Team Obama Knows China Is Behind the OPM Hack. Why Won’t They Say So?
The Obama administration’s top intelligence and law enforcement officials have concluded that China was almost certainly responsible for the massive hack that exposed highly sensitive information on millions of U.S. government employees.
But the Obama administration has so far refused to publicly accuse Beijing, despite their private conclusions. According to individuals familiar with internal deliberations on the subject, the White House has been reluctant to offend the Chinese in the midst of sensitive international negotiations. And there are concerns that exposing China could compromise U.S. intelligence-gathering techniques.
Naming China would likely lead to calls for the administration to produce evidence of its claims. In that case, “there could be an issue with revealing sources and methods” of intelligence-gathering, James Lewis, a top computer security expert who has spoken to senior administration officials about the hack against the Office of Personnel Management, told The Daily Beast.
Intelligence agencies jealously guard their techniques for monitoring China’s armies of hackers and tracing attacks back to them, fearful that were they exposed, streams of valuable intelligence could dry up. Revealing technical details of how the U.S. has attributed the breach of OPM to Chinese actors could tip off hackers to the ways that American intelligence agencies track them, said Lewis, a director and senior fellow at the Center for Strategic and International Studies in Washington. Lewis added that in the OPM case, attributing the hack to China has been a less complicated matter than deciding when to point the finger.

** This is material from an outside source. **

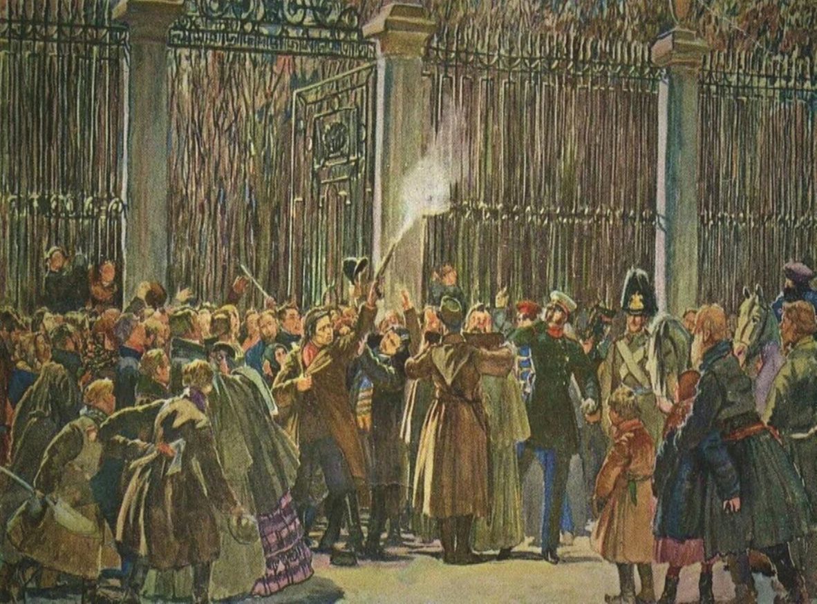 Из ворот Летнего сада вышел император. Ему подали шинель. Он стал надевать ее и в этот момент молодой человек, бесцеремонно оттолкнувший Комиссарова, полез в карман и достал оттуда пистолет.

Computer security firm CrowdStrike, whose executives have close ties to U.S. law enforcement, has already traced the breach to hackers it says are “affiliated with the Chinese government,” using forensic information from the OPM hack provided by the government.
Questions of political timing have also complicated the question of when to call out China, according to two more individuals who have discussed the OPM attack with U.S. officials and asked not to be identified. On July 9, the administration released more details about the scope of the cyber breach, revealing for the first time that more than 22 million people’s records were compromised. But blaming China then, amid final negotiations over Iran’s nuclear program to which China was a party, would have been a significant distraction. Those talks have now concluded, but Chinese President Xi Jinping is also scheduled to come to Washington in September, and opening a public spat over the OPM hack could overshadow his visit.
President Obama met with top Chinese leaders at the White House last month and raised his concerns over the country’s “cyber and maritime behavior,” according to an official statement. But openly linking China to the OPM hack would escalate tensions and immediately raise the question of how the United States would respond. After accusing North Korea of hacking Sony Pictures Entertainment last year, Obama slapped new sanctions on the country. The U.S. launched targeted cyber attacks on North Korean computer networks.
Administration officials have previously said that they don’t rule out imposing sanctions against individuals or organizations responsible for the OPM hack. After the Sony hack, the White House trumpeted a new sanctions regime designed to punish hackers and the countries, companies, and people who benefit from information they steal.
But retaliating economically against China could pose its own set of problems.
“The real question is a strategic one,” Zachary Goldman, a sanctions expert and a former senior official in the Treasury Department, told The Daily Beast. “The U.S. government has worked hard to cultivate a norm against commercially-motivated cyber espionage.” State-on-state digital spying, however, is largely considered part of the global espionage game. “If this hack was motivated by reasons of state, we still might find it objectionable, and might indeed retaliate in ways that are outside the public eye. But we might not want to vocally argue that this kind of espionage should never take place.”
Indeed, the nation’s top intelligence official, who said China was “the leading suspect” in the OPM hack, has doffed his hat to the country’s cyber spies for exploiting such a valuable and obvious target.
“You have to kind of salute the Chinese for what they did," Clapper told an intelligence conference, adding the U.S. would have hacked them the same way if it could. There’s an obvious hypocrisy in sanctioning China for an intelligence operation that the top American spy has said he’d like to mount.
Clapper’s remarks aren’t an official statement of the administration's position. When asked if China was in fact responsible for the personnel records hack, spokespersons for the National Security Council, the FBI, and the OPM all said they weren’t ready to identify a culprit.
So far, the only hard line the administration has taken publicly with China over its cyber spying is the indictment of five Chinese military officers in 2014 for hacking into U.S. corporations and stealing proprietary information. In that case, Justice Department officials said the Chinese had crossed a line, stealing trade secrets and pricing data from American companies and giving it to their Chinese competitors. That’s one kind of spying that intelligence officials insist the U.S. doesn’t do.
Similarly, the Obama administration justified retaliations against North Korea by describing the Sony hack as outside the bounds of traditional espionage. The regime purportedly attacked Sony in part to dissuade the movie studio from releasing a satirical film about North Korean leader Kim Jong Un.
“We cannot have a society in which some dictator someplace can start imposing censorship here in the United States,” Obama said at the time, adding, “That’s not who we are. That’s not what America is about.”